> _Task description_:
Only one span of the material below is wanted. Output it exactly, from the line with "Maße: 64 x 54" through the line with "Am kommenden Samstag, den", without any pictures.

> _Excerpted records_:
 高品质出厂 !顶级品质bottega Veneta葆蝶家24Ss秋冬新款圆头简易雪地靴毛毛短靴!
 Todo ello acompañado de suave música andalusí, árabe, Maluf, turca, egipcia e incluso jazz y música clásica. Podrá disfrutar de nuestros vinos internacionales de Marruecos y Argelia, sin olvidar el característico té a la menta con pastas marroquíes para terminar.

==

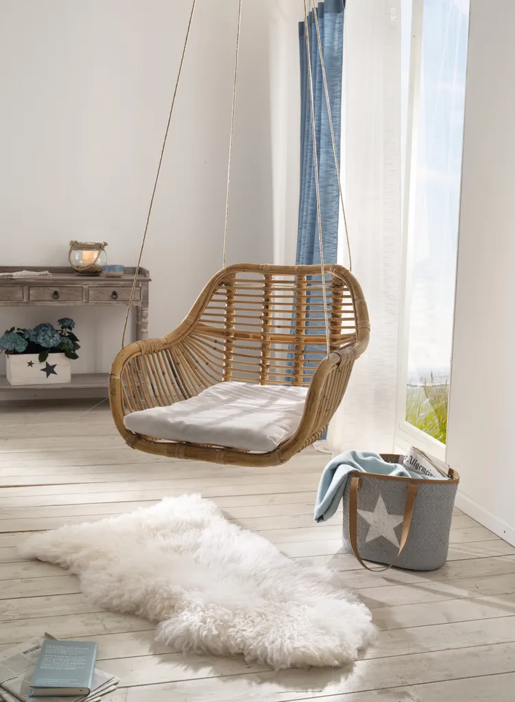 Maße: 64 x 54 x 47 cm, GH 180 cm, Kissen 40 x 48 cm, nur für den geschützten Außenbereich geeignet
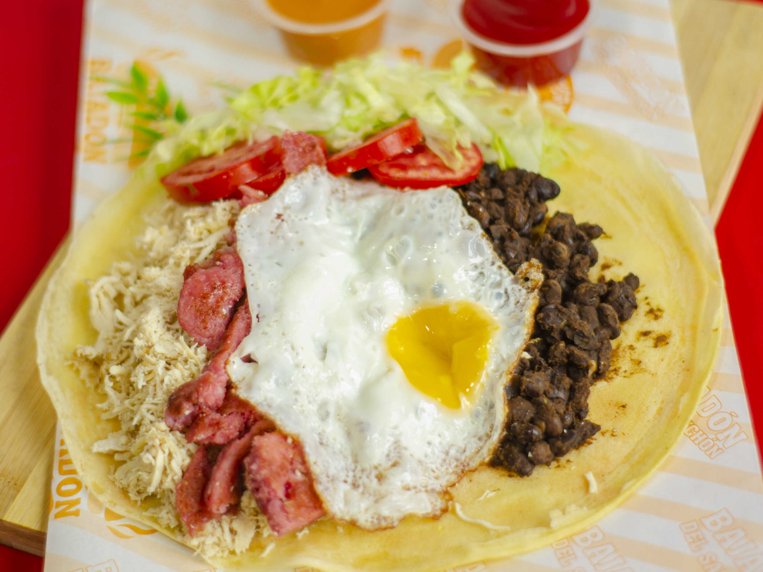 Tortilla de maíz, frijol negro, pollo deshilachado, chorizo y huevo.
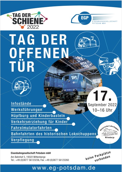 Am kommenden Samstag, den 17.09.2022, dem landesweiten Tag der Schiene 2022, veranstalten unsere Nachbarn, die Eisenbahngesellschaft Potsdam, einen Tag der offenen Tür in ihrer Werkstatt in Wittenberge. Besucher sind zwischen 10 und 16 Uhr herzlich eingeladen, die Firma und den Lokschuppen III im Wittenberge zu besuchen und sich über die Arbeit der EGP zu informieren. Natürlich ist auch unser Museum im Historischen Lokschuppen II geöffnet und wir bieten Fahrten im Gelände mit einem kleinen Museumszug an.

> _Final answer_:
 Maße: 64 x 54 x 47 cm, GH 180 cm, Kissen 40 x 48 cm, nur für den geschützten Außenbereich geeignet
 Tortilla de maíz, frijol negro, pollo deshilachado, chorizo y huevo.
 Am kommenden Samstag, den 17.09.2022, dem landesweiten Tag der Schiene 2022, veranstalten unsere Nachbarn, die Eisenbahngesellschaft Potsdam, einen Tag der offenen Tür in ihrer Werkstatt in Wittenberge. Besucher sind zwischen 10 und 16 Uhr herzlich eingeladen, die Firma und den Lokschuppen III im Wittenberge zu besuchen und sich über die Arbeit der EGP zu informieren. Natürlich ist auch unser Museum im Historischen Lokschuppen II geöffnet und wir bieten Fahrten im Gelände mit einem kleinen Museumszug an.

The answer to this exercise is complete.